Closed bgorissen closed 3 years ago
Thanks for the PR! Looks great.
There's a failing unit test because we can't actually guarantee that xtx is positive definite (only that it's positive semidefinite) and the 'pos' hint doesn't work as a result. That's not a big deal though, I can roll that back to symmetric.
Numba is a bit more of a problem. There's a lot of code out there that's hard to get running because of numba and the knock-on effect numba has on other dependencies. I don't want it as a required dependency for this project. That said, I'm fine with it as an optional dependency. So what I'm gonna suggest is that it gets rolled into an optional dependency (e.g. pass use_numba=True
and it'll use the numba routines).
I'll go ahead and make those changes and then merge it into the dev branch so it can be tested on the cluster.
Aight I went ahead and made those changes and merged them into dev. The implementation is that you can set wkf.set_run_parameters(use_numba=True)
and it will replace updateB
and updateS
with the numba JIT routines at runtime.
I will find some time next week to write some tests for this functionality so I can package this up as a release.
There's a failing unit test because we can't actually guarantee that xtx is positive definite (only that it's positive semidefinite) and the 'pos' hint doesn't work as a result. That's not a big deal though, I can roll that back to symmetric.
I'm not sure why the test fails. The test shows that LinAlgWarning
was issued, and there is code in base_regression.py to treat this warning as an error (resulting in beta_hat=0 being selected in base_regression.predict_error_reduction). Locally this test is passed.
Numba is a bit more of a problem. There's a lot of code out there that's hard to get running because of numba and the knock-on effect numba has on other dependencies.
What specific code are you referring to? Unless numba is imported and enabled for a specific function, it does not interfere with other code. Numba gives an order of magnitude improvement, so perhaps you can display a warning for low performance when use_numba=False
.
The scipy solve test failure is specific to newer versions of scipy (I didn't get it locally with 1.6.x but it failed when I updated to 1.7.1). It's not unexpected, as the test case is positive semidefinite, and the 'pos' hint requires positive definite.
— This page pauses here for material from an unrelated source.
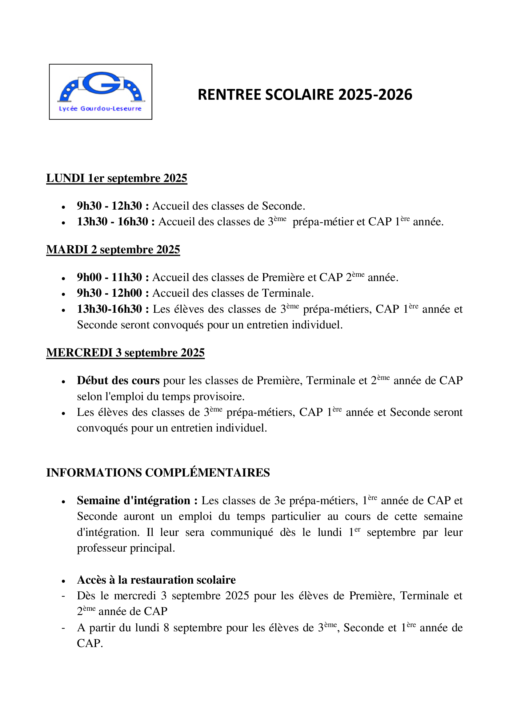 Jours et horaires de rentrée

The performance boost from numba is really impressive btw, I have the cluster regression tests going and they're way faster now. It's just that the dependency is hard to maintain (same as the math kernel library, which is why that's optional as well). I just don't want to be answering issues about cryptic runtime errors that occur when numba and numpy aren't exactly matching versions for the next three years.
The scipy solve test failure is specific to newer versions of scipy
That's not the point. The logs of the failed test show:
inferelator/tests/test_base_regression.py::TestBaseRegression::test_predict_error_reduction /home/runner/work/inferelator/inferelator/inferelator/regression/base_regression.py:259: LinAlgWarning: Ill-conditioned matrix (rcond=8.88178e-17): result may not be accurate. beta_hat = scipy.linalg.solve(xtx, xty, assume_a='pos')
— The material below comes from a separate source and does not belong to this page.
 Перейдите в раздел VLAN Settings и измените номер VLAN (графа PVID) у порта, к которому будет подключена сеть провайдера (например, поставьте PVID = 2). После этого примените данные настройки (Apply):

Due to base_regression.py:15 this should be treated as an error:
warnings.filterwarnings(action='error', category=scipy.linalg.LinAlgWarning)
So this code (around base_regression.py:259) should run the except block:
try:
xt = x_leaveout.T
xtx = np.dot(xt, x_leaveout)
xty = np.dot(xt, y)
beta_hat = scipy.linalg.solve(xtx, xty, assume_a='pos')
except (np.linalg.LinAlgError, scipy.linalg.LinAlgWarning):
beta_hat = np.zeros(len(leave_out), dtype=np.dtype(float))
On my local machine, when I run python -m nose
, a LinAlgWarning is triggered, and indeed the except block is run. I'm at a loss why this doesn't work here or on your local machine. I've tried Scipy 1.4.1 and 1.7.1.
Sorry, I'm not sure exactly what the problem is. Scipy and numpy are backed LAPACK and BLAS so it's possible that it's a difference in those libraries.
The regression test package passed for amusr (with the numba JIT versions of the updateB
and updateS
routines) and runs substantially faster. It's failing for BBSR (the differences aren't huge, but they are there), so I'm going to roll those changes back.
I'll try to get tests written this week so that it can get merged into the stable version and released with a version number.
Thanks again!
Sorry, I'm not sure exactly what the problem is.
test_base_regression.py:test_predict_error_reduction gives the wrong output:
x: array([-116., -116., -116.]) y: array([-133.33, -133.33, -133.33])
where x is the output from base_regression.predict_error_reduction and y is the (hardcoded) expected output. The reason for this erroneous output is that beta_hat scipy.linalg.solve(xtx, xty, assume_a='pos')
gives beta_hat = [0.05 0.08333333]
instead of failing (in which case beta_hat = [0 0]
is used).
This is not an issue about blas implementations or the numerically vague boundary between singular and ill-conditioned matrices. Solve
throws a LinAlgWarning, so it should be possible to handle that warning and return beta_hat = [0 0]
. In fact, the code to do that is there, and works locally.
After some digging I found that the coverage module interferes with the warnings module. The same test passes with nose and there is nothing wrong with the code itself.
Oh, that's interesting; I wouldn't have expected there to be a problem with the warnings module. I'm running coverage with the test package locally (& it's part of the CI workflow), so that would explain it.
Good detective work.
The improvements to base regression (base_regression.py and bayes_stats.py) are:
For amusr, almost all computation time is spent in the functions updateS and updateB, which mostly contain simple loops and basic arithmetic operations. Compiling this code to machine code reduces the runtime with a factor of 10 (on my workstation without multiprocessing). For this I used numba, which only requires a few lines of code. Because numba cannot convert a matrix to column major order, which was a step in updateB, this is now done in the line that calls updateB (np.asarray(sparse_matrix, order="F")). It is not possible to check within updateB to check if the matrix that is passed is indeed in column major order (Numba does not support S.flags['F_CONTIGUOUS']), so this is something that requires care when updateB is used in a different context.